> [Source records]:
┄┄┄┄┄┄┄┄┄┄

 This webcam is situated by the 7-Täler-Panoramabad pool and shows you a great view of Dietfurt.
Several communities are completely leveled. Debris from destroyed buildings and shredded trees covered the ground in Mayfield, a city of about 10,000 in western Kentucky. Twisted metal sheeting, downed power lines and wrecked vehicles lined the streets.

┄┄┄┄┄┄┄┄┄┄

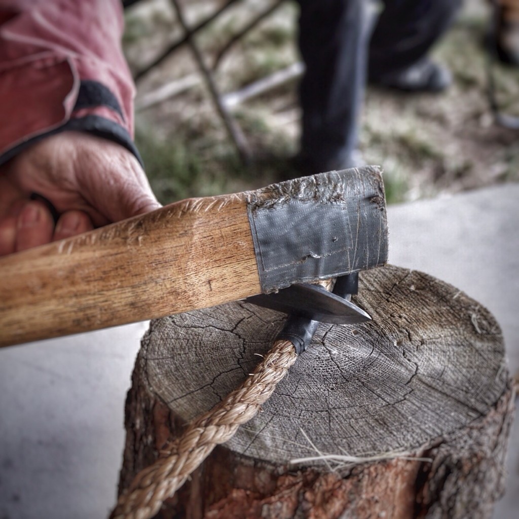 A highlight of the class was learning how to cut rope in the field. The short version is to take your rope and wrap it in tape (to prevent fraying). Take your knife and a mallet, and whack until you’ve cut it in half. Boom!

┄┄┄┄┄┄┄┄┄┄

The exact lines of the material above starting at the one that contains "This webcam is" and ending at the one that contains "Several communities are" are what to retype; leave out everything else.

> [Written response]:
 This webcam is situated by the 7-Täler-Panoramabad pool and shows you a great view of Dietfurt.
Several communities are completely leveled. Debris from destroyed buildings and shredded trees covered the ground in Mayfield, a city of about 10,000 in western Kentucky. Twisted metal sheeting, downed power lines and wrecked vehicles lined the streets.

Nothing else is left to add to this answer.